● Data shown
····················
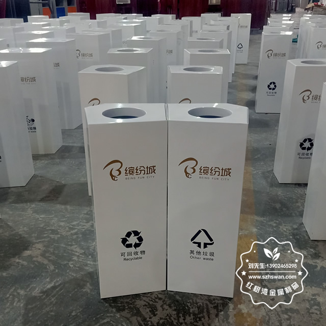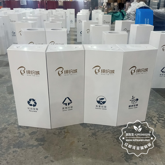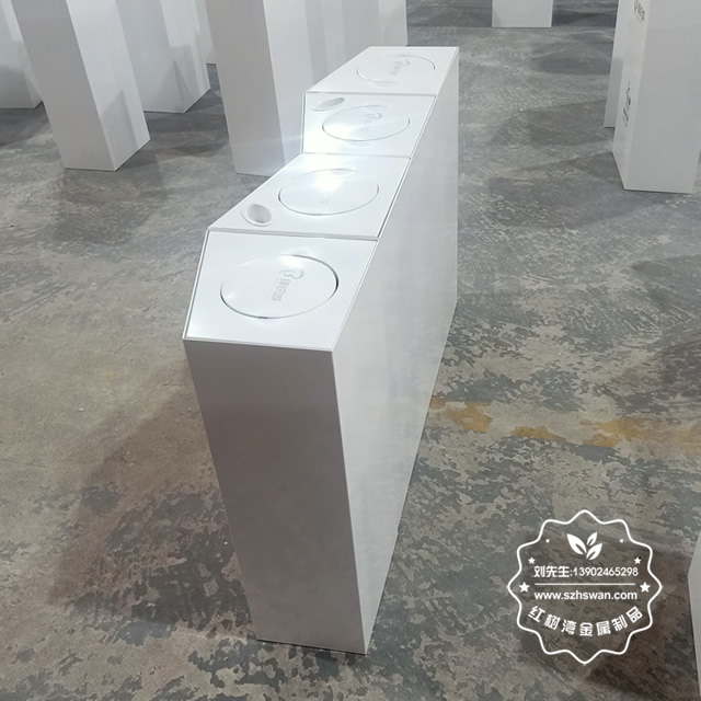 產品材質:商場室內四分類不銹鋼垃圾桶采用201#,202#,304#優質不銹鋼材料模壓成型,堅固耐用;內外表面光潔,減少垃圾殘留,易于清潔;配置鍍鋅板內桶,便于垃圾清倒;
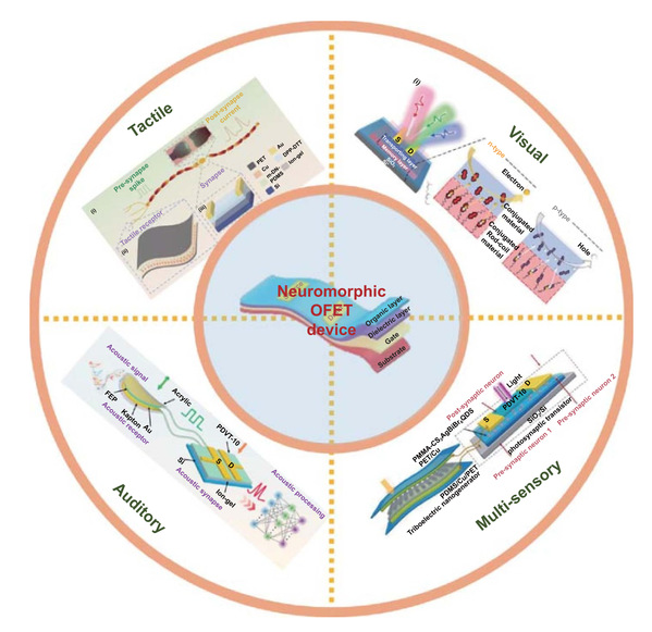 随着各种人工电子器件的发展,信息和数据的数量将呈爆炸式增长,这些信息和数据通过原位来处理会大幅降低器件和系统的功耗。仿生的人工突触器件能够以并行方式存储和处理信号,从而提高了人工系统的容错性并降低了功耗。由于有机场效应晶体管(OFET)适用于大规模集成电路和柔性器件,是生物仿生神经形态系统中很有前途的元件。本文综述了基于神经形态OFET器件的有机半导体材料、结构和制造方法,以及各种人工感觉系统的功能。
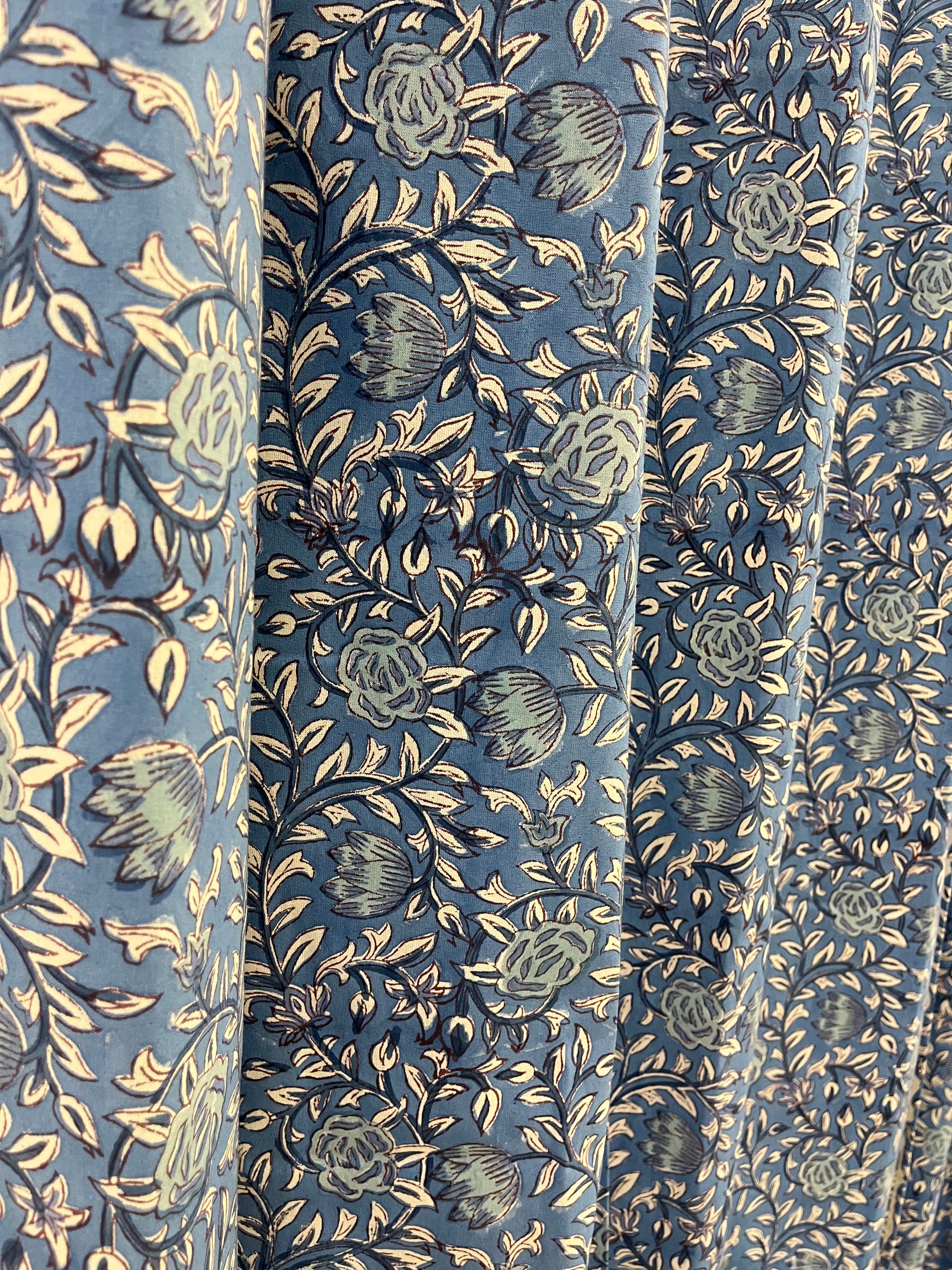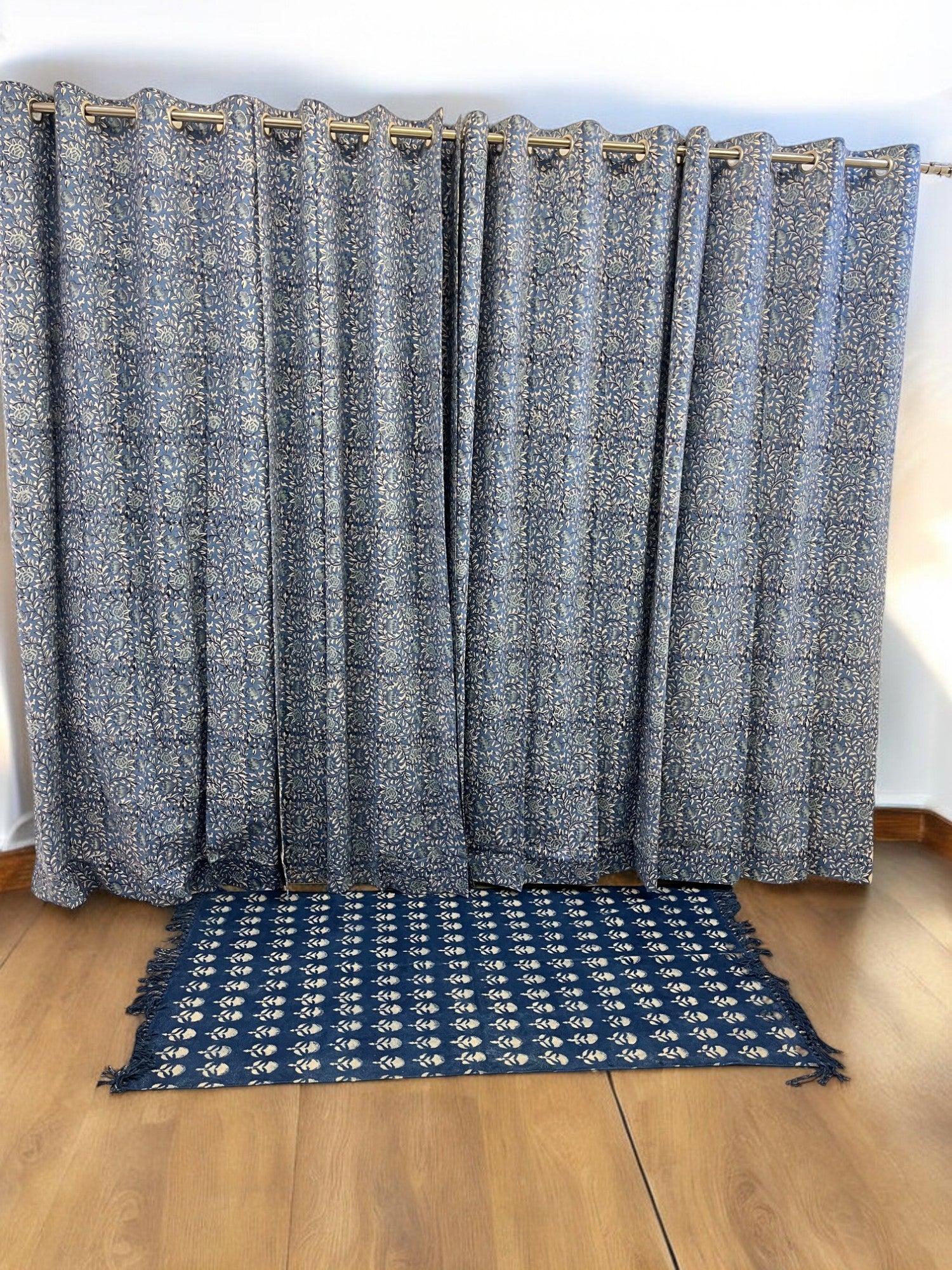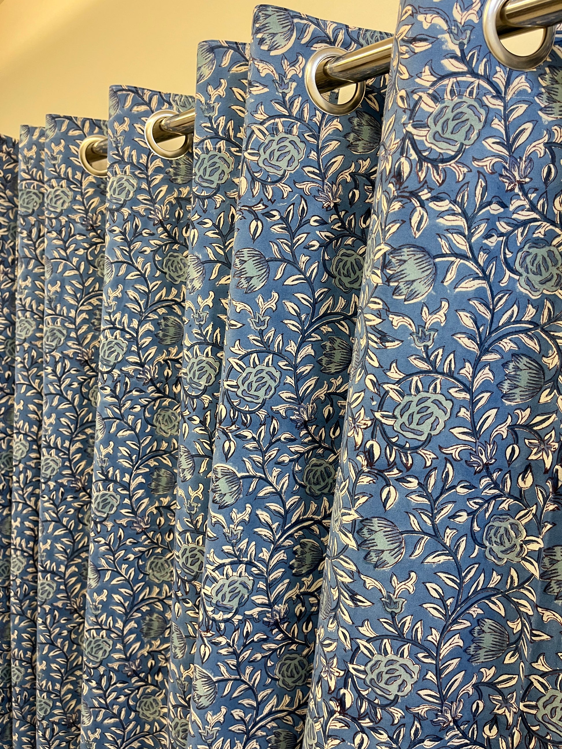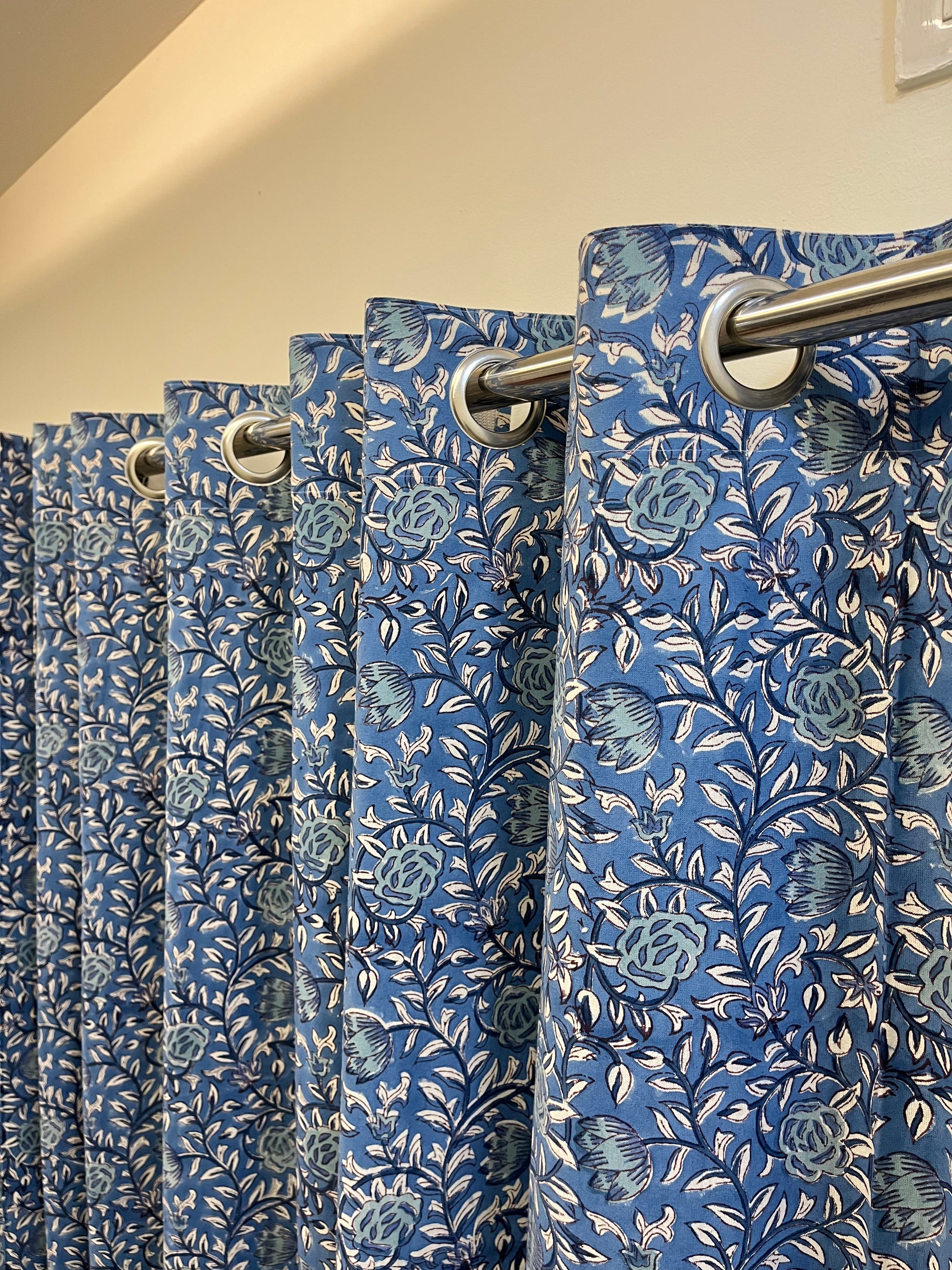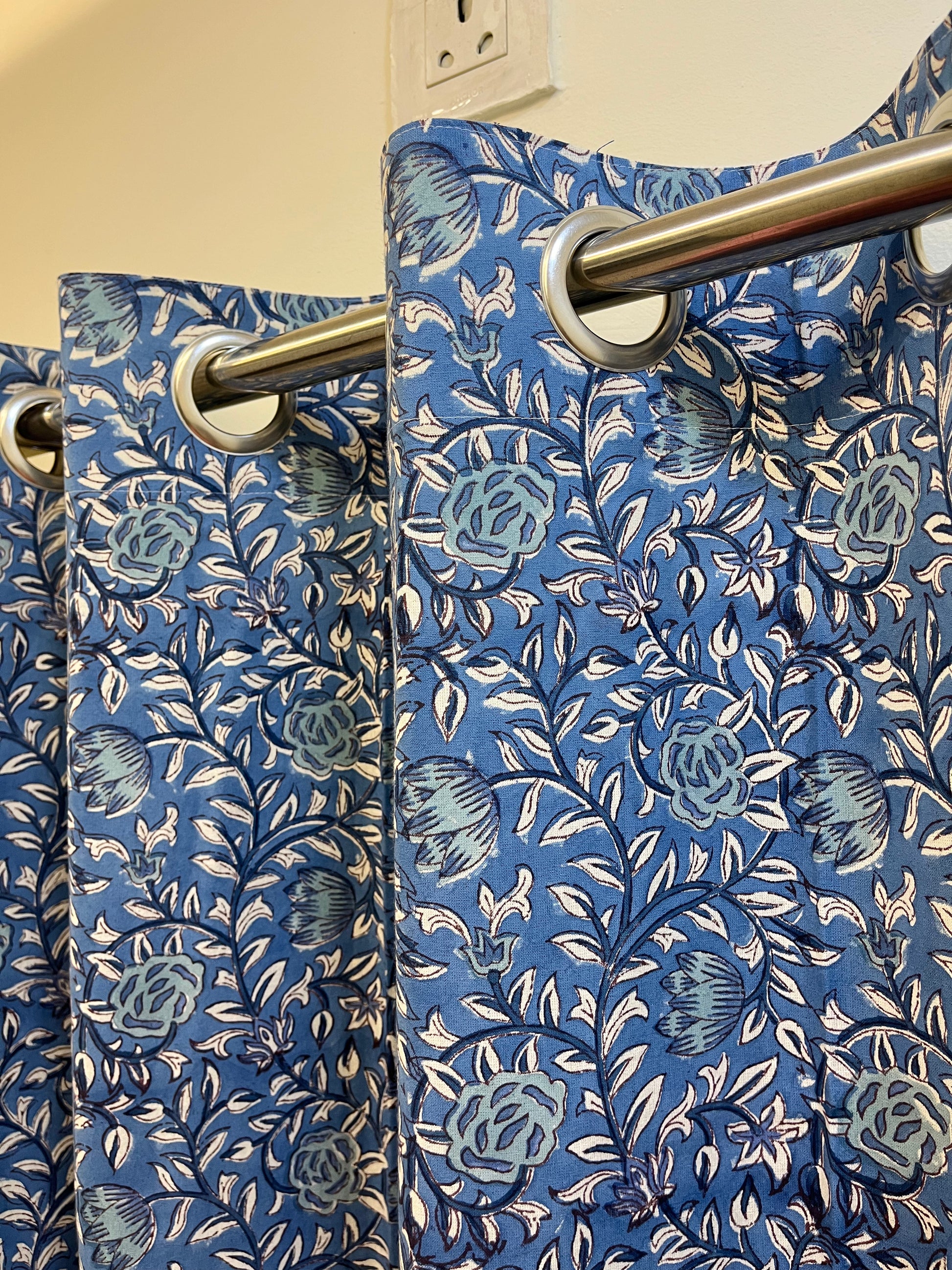- White and Blue Floral Handblock Curtain
····················
The lines from the one that contains "随着各种人工电子器件的发展,信息和数据的" through the end of the data, repeated exactly and with no pictures, make up the whole answer.

● Response for this exercise
 随着各种人工电子器件的发展,信息和数据的数量将呈爆炸式增长,这些信息和数据通过原位来处理会大幅降低器件和系统的功耗。仿生的人工突触器件能够以并行方式存储和处理信号,从而提高了人工系统的容错性并降低了功耗。由于有机场效应晶体管(OFET)适用于大规模集成电路和柔性器件,是生物仿生神经形态系统中很有前途的元件。本文综述了基于神经形态OFET器件的有机半导体材料、结构和制造方法,以及各种人工感觉系统的功能。
- White and Blue Floral Handblock Curtain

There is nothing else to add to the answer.